Data Structure : As can be seen from the code, this dataframe is generated by the properties of a grouped object.

This is the error I get :

EOFError                                  Traceback (most recent call last)
<ipython-input-10-86d38895c564> in <module>()
      5 p = pickle.Pickler(o) #finaldatasetYear1AndYear2 #trainingset groupedCustomersWithDates dfOrdersNew groupedCustomersNew
      6 p.clear_memo()
----> 7 trainingset = pickle.load(o)
      8 o.close()
      9 print "done"

/usr/lib/python2.7/pickle.pyc in load(file)
   1376 
   1377 def load(file):
-> 1378     return Unpickler(file).load()
   1379 
   1380 def loads(str):

/usr/lib/python2.7/pickle.pyc in load(self)
    856             while 1:
    857                 key = read(1)
--> 858                 dispatch[key](self)
    859         except _Stop, stopinst:
    860             return stopinst.value

/usr/lib/python2.7/pickle.pyc in load_eof(self)
    878 
    879     def load_eof(self):
--> 880         raise EOFError
    881     dispatch[''] = load_eof
    882 
Sudh
  • 1,265
  • 2
  • 19
  • 30
  • Can you give a minimal example that we can run? Are you using the regular `pickle` or `jsonpickle`? – user4815162342 Nov 28 '14 at 13:18
  • regular pickle, I cant give the minimum example as the data is too huge. But I can tell you the structure of the data. – Sudh Nov 28 '14 at 14:07
  • The problem appears only on this huge dataseet, or also on a small one? – user4815162342 Nov 28 '14 at 15:04
  • I did not try it with a small dataset yet.. I ll try now and update the question – Sudh Nov 28 '14 at 15:28
  • @user4815162342 Yes it does work fine with 5 rows – Sudh Nov 28 '14 at 16:31
  • Try increasing the number of rows in your "toy" data set until you find the count that starts giving the error. Investigating this might reveal something else you are doing differently between the example that works and the one that doesn't. – user4815162342 Nov 28 '14 at 18:46
  • @user4815162342: Some how I dont thik length is the issue because I picked greater dataframes using the same code – Sudh Nov 28 '14 at 19:30

1 Answers1

0

In absence of some test code and version numbers, the only thing I can see is that you are using pandas.Dataframe objects.
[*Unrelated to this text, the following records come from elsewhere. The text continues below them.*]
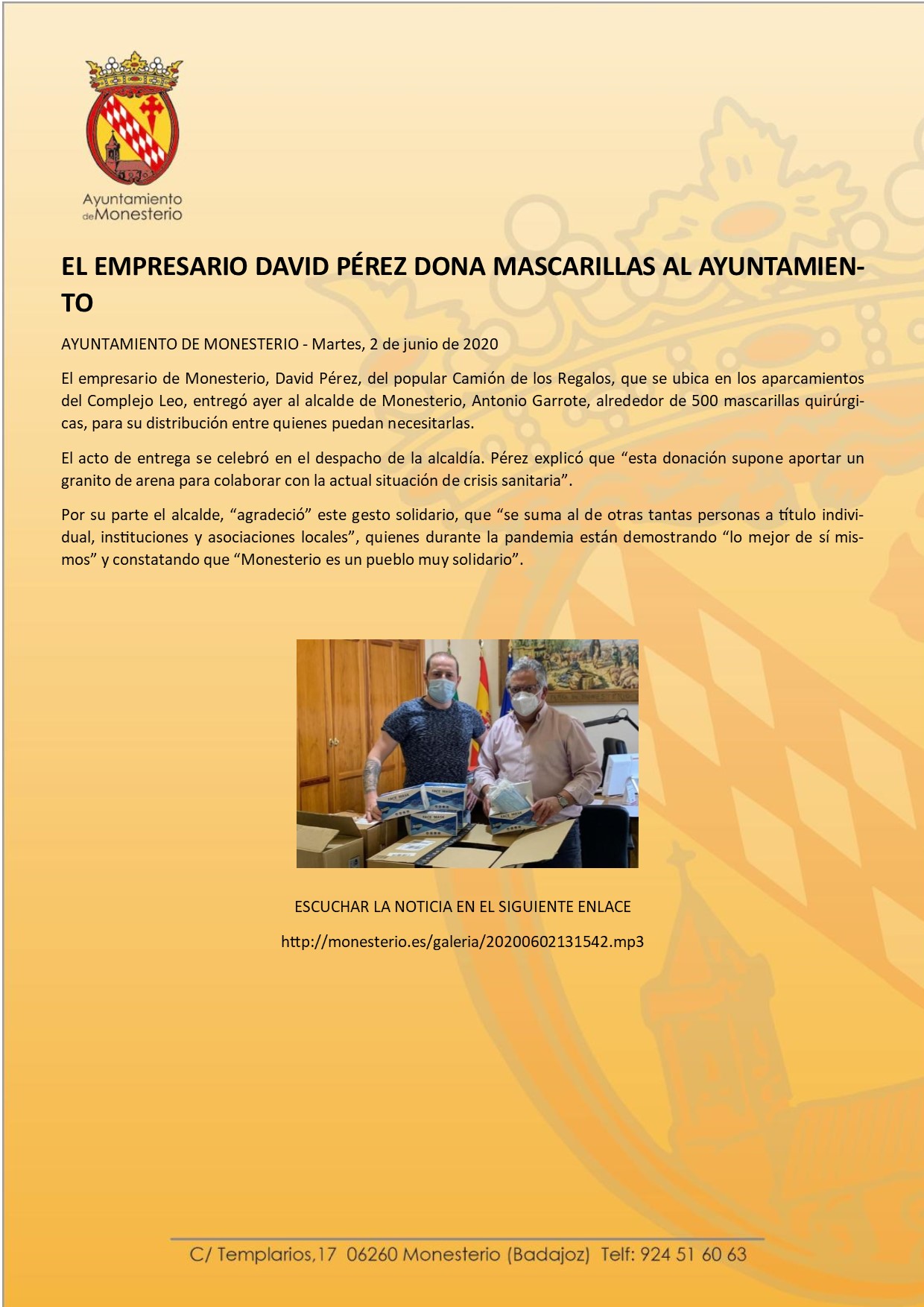 RADIO MONESTERIO - El empresario David Pérez dona mascarillas al ayuntamiento
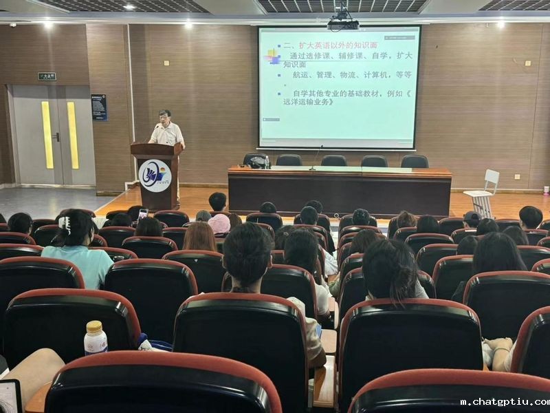 Professor Wang Dawei said that in the era of AI, students should study harder, seize opportunities, strive to improve their English level, do the work that artificial intelligence cannot complete, and avoid the idea of lying flat in their minds and relying too much on artificial intelligence. He pointed out that as foreign language talents in the new era, foreign language alone is not enough. Students need to expand their knowledge and accumulate knowledge in the fields of economics, mathematics, law and computer through minor courses, auditing and self-study. He emphasized the unique characteristics of the Maritime University - the shipping field, pointing out that the advantage of the maritime university is in the shipping field, maritime characteristics is a trump card of our school, if you can combine foreign languages and shipping, you will make great achievements in the future.
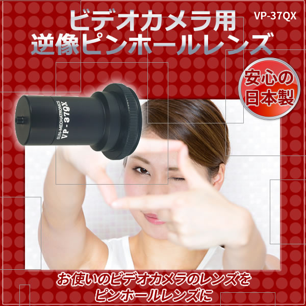 ピンホールレンズに![]() ![]() 長らく不在が続いた逆像ピンホ-ルレンズに、新型モデル「VP-37QX」が登場しました。今までのスタイルと異なり、ビデオカメラ接続ネジユニットをそっくり交換することで37mm, 30.5mm, 30mm, 27mmのフィルタ-径に対応します。 画角56度。 サンメカトロニクス(Sun-Mechatronics)のVP-37シリ-ズは、37mmのフィルタ-径を持つビデオカメラに取り付けられるよう作られています。 フィルタ-径が他のサイズの場合は別売りの変換リングを使用する必要があります。 現在、25・27・28・30・30.5・43・46.・49・52・55・58mmに対応できる変換リングを用意しております<*>。 ご購入になられる際にお手持ちのビデオカメラのフィルタ-径をご確認ください。 <*>フィルタ-径によっては、変換リングが2枚必要になる場合が御座います。例えば: お手持ちのビデオカメラのフィルタ-径が43mmの場合は、43-46mmと46-37mmの二枚のリングが必要です。 |
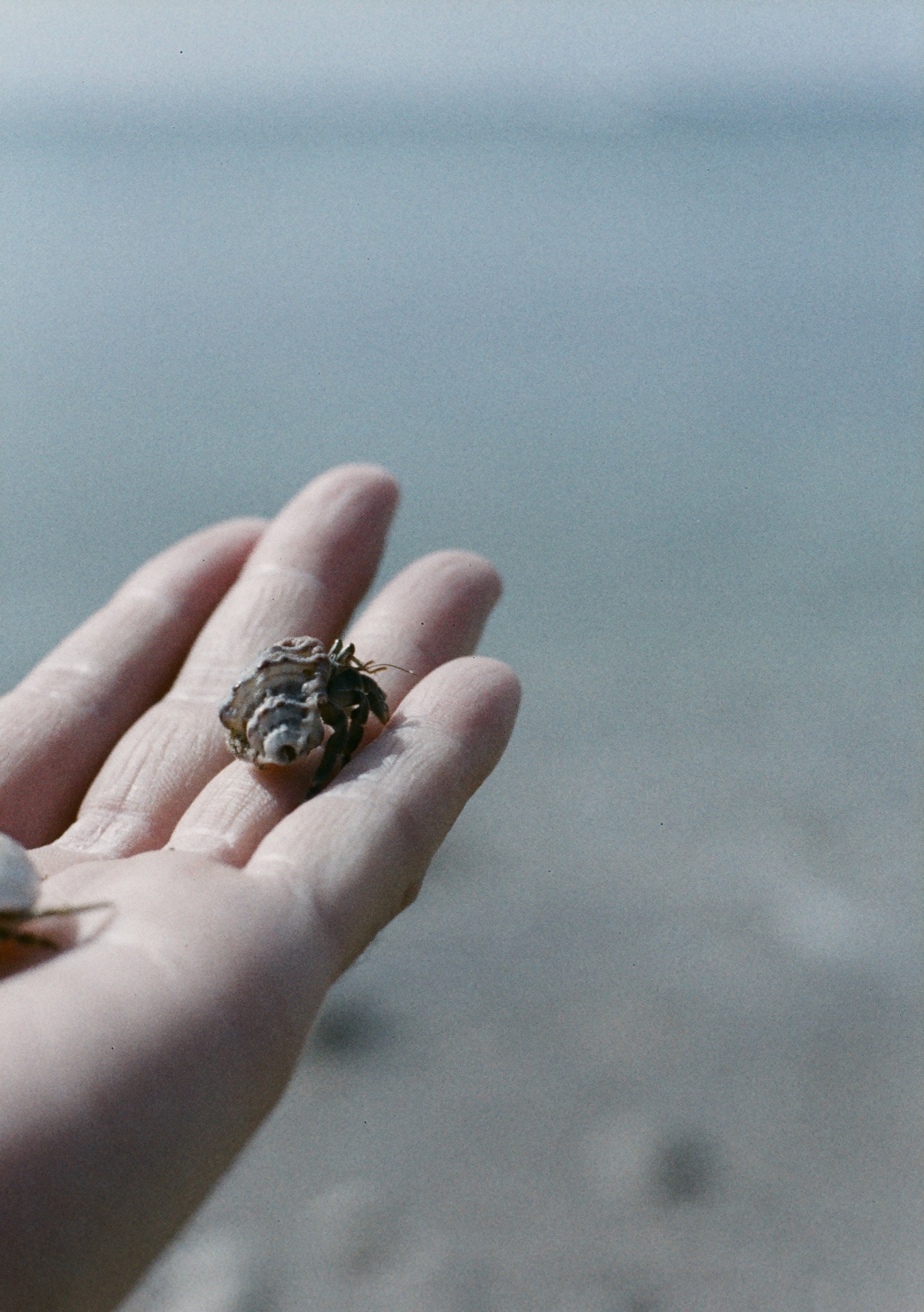 寄居蟹本人和手的比例尺(提醒:到墾丁請勿抓寄居蟹喔!絕對禁止,因為牠們數量稀少,正在復育中)
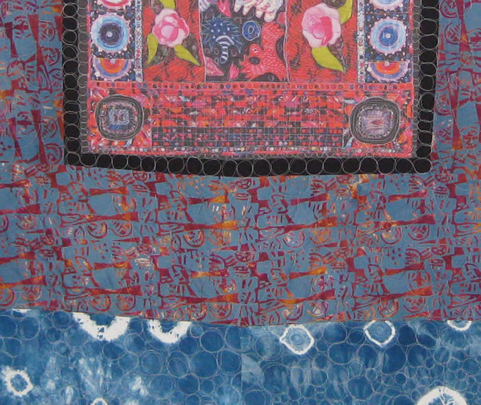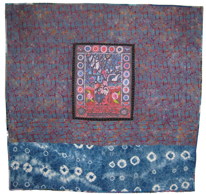I’ve been fascinated with trees for a long time; since childhood. I especially love the form and shape of trees. In the center of this quilt I’ve included a digital image printed on fabric of my 1993 work, “Pregnant Winter Tree.” For the border I used a batik that I bought from Fabmo, a non profit organization that facilitates the recycling of designer fabric. The Indigo piece across the bottom is a piece I dyed in the early 90”s. This quilt looks wonderful on the wall, and can also be used on a bed.
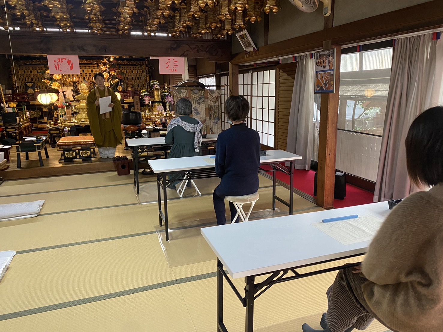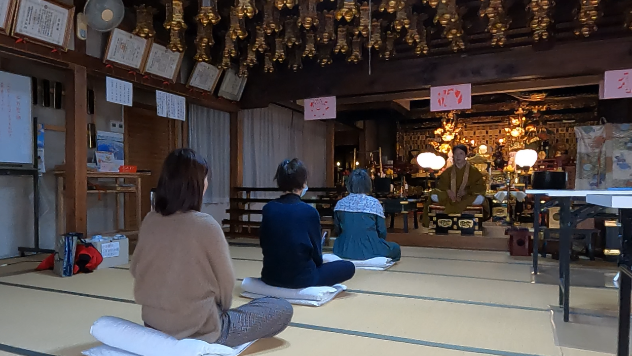 寶壽院の住職、辻田真海さんのご指導のもと、参加者の皆さんは日常から少し離れ、
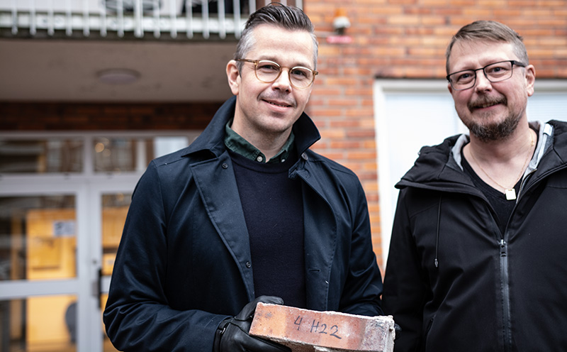 Jim Nilsson, projektchef för Regionfastigheter, och Daniel Olsson, produktionschef på Skanska, hoppas att teglet kan komma till användning igen.
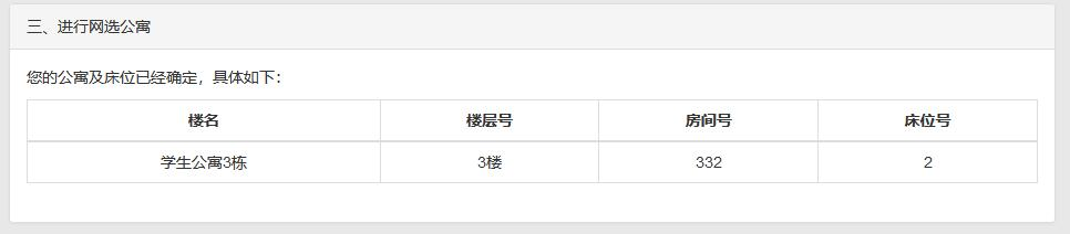 注意:公寓及床位选择成功后将不能进行修改,以学生公寓 3栋 332房间 2号床位为例,选择后再次点击左侧“网选公寓”时界面会显示出当前您所选择的床位,而不是出现之前让您选择房间及床位的界面,如下图所示。
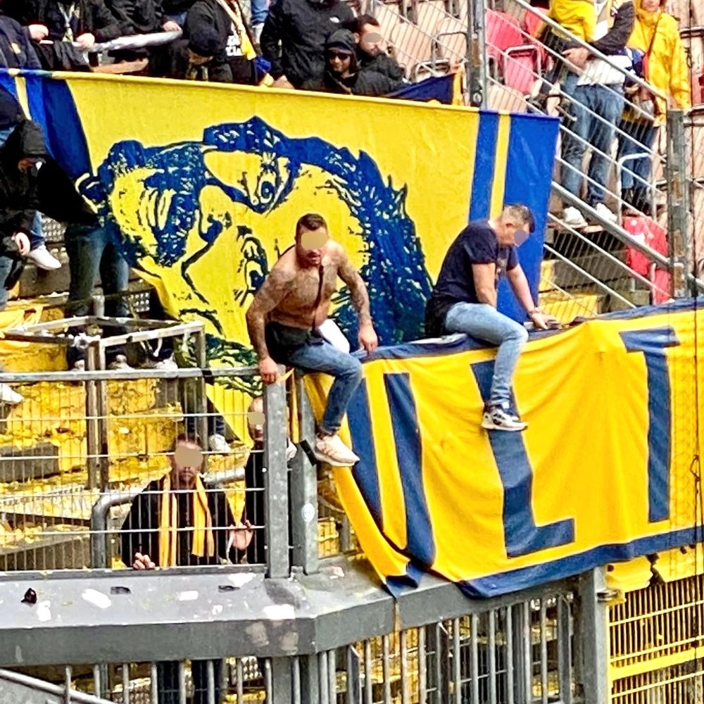 Der Gästeblock füllte sich dagegen erst kurz vor Spielbeginn und optisch wahrnehmbare Unterstützung aus Mannheim schien man nicht im Schlepptau zu haben. Beim Beflaggen war außer blau-gelbes Fahnenmaterial lediglich ein fremder Fetzen aus der Fanszene des FC Basel auszumachen. Da Waldhof bereits am Vortag gespielt hatte, irritierte mich das schon. Aber vielleicht ist die Freundschaft auch etwas eingeschlafen. Also wenn meine Freunde vor meiner Haustür bei meinem Feind antreten und mein Verein nicht parallel spielt, laufe ich da doch eigentlich auf, oder?
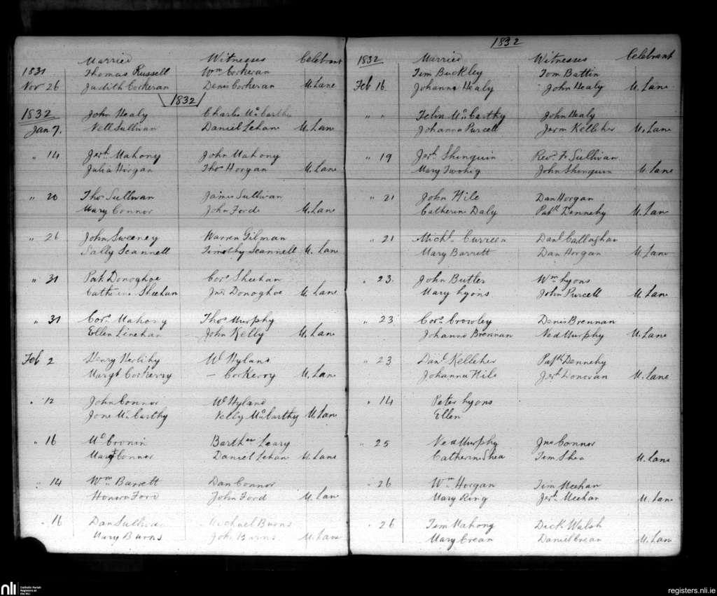 Aghabulloge; County of Cork; Diocese of Cloyne. Marriages, Nov. 1831 to Feb. 1832
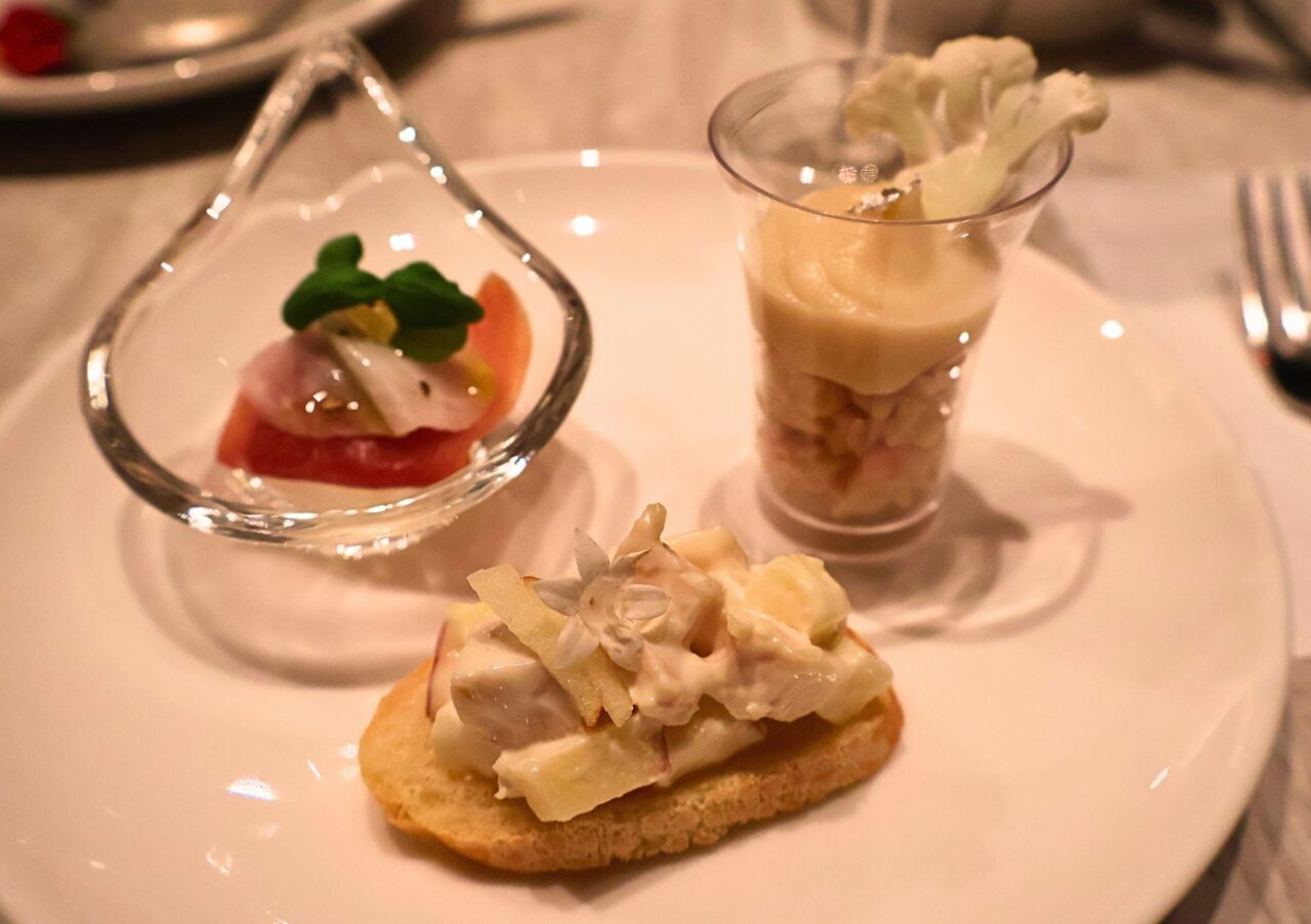 ほのかな甘みと香りが上品で、驚くほどなめらかなムースが魅力の「カリフラワーのスノームース」、軽やかな酸味と塩味のバランスが絶妙な「蕪と生ハムのカプレーゼ」、りんごのフルーティーな香りがアクセントの「鶏胸肉とりんごのホワイトサラダ」。
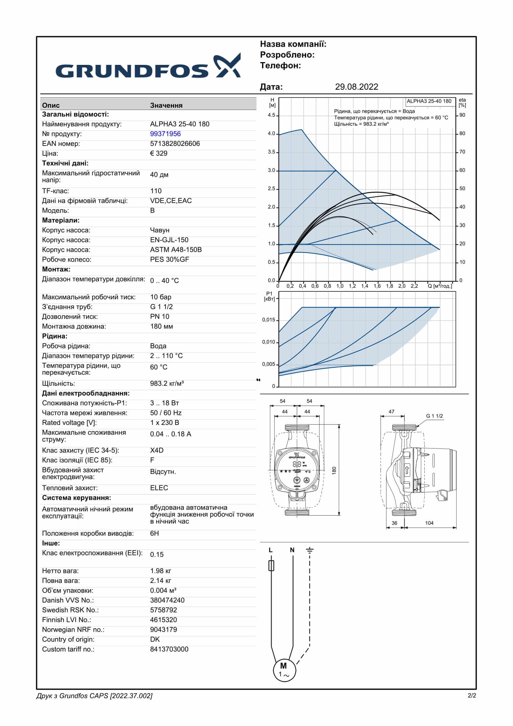 Технические характеристики: Циркуляционный насос Grundfos (Грундфос) ALPHA 3 25/4-180
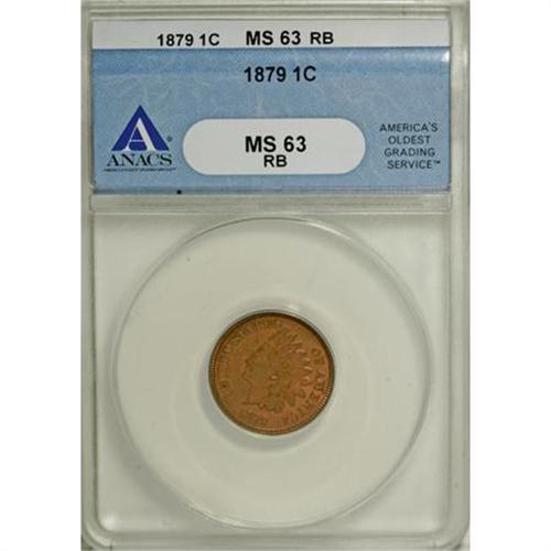 <B>1879 1C MS63 Red and Brown ANACS.</B></I> NGC Census: (41/285). PCGS Population (122/267). Mintage: 16,231,200. Numismedia Wsl. Price for NGC/PCGS coin in MS63: $108. (#2134)<BR><BR><B>Coin Engraver:</B> James B. Longacre<BR><BR><b>Shipping:</b> Coins & Currency (<a target="_blank" href="http://www.heritageauctions.com/common/shipping.php">view shipping information</a>)
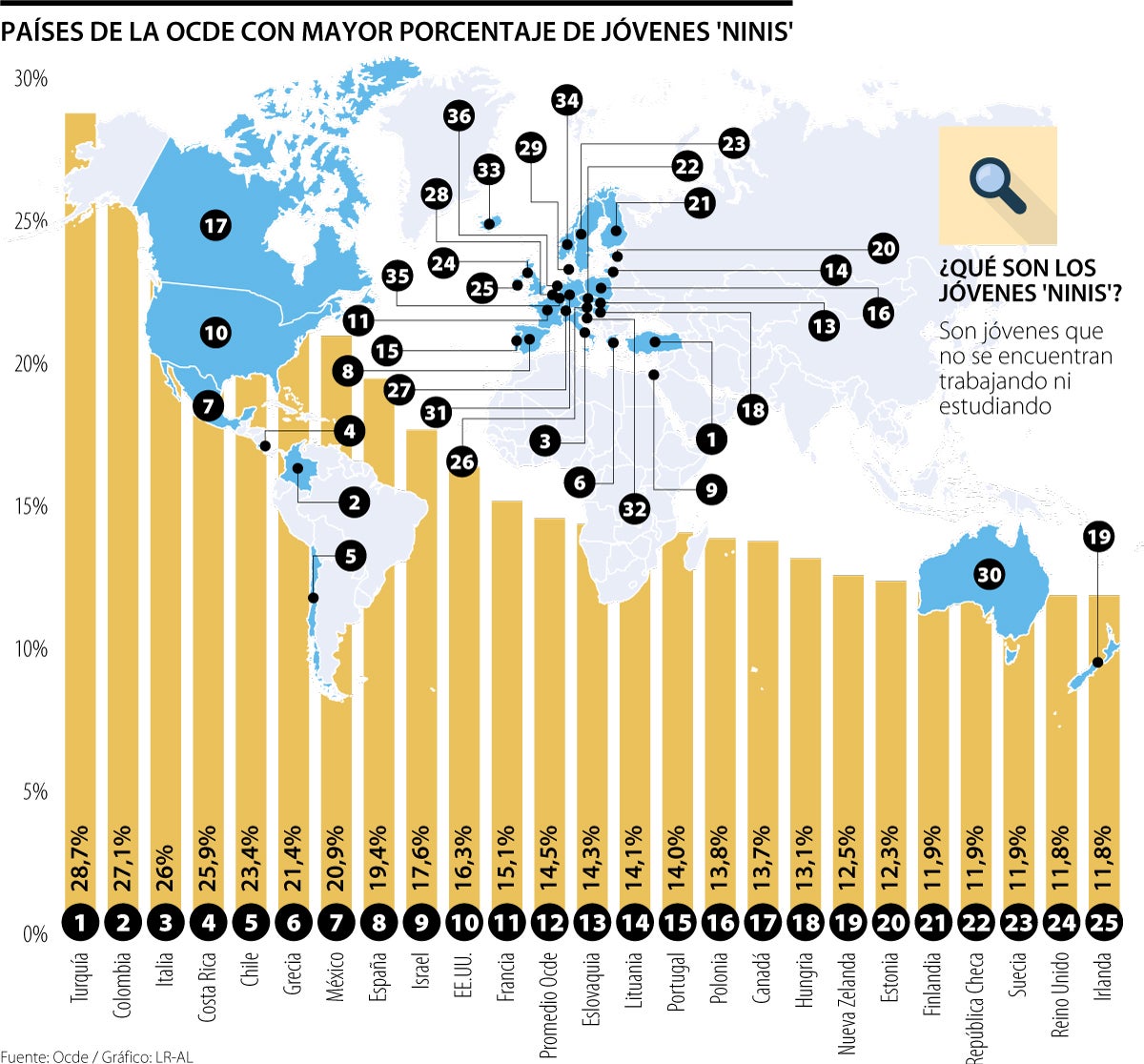 En Colombia, 27,1% de los jóvenes, según cifras de la Ocde, están entre la categoría de ‘ninis’, siendo el segundo país de la medición (ver gráfico) con el mayor porcentaje, superado únicamente por Turquía que tiene 28,7%.

These guys often can need some special handling that is built-into pandas built-in pickling methods. I believe pandas gives both the to_pickle and the save method, which provide pickling for a Dataframe. See: How to store data frame using PANDAS, Python and links within.

And, depending on how large a Dataframe you are trying to pickle, and the versions of your dependencies, it could be hitting up against a 64-bit pickling bug. See: Pickling a DataFrame.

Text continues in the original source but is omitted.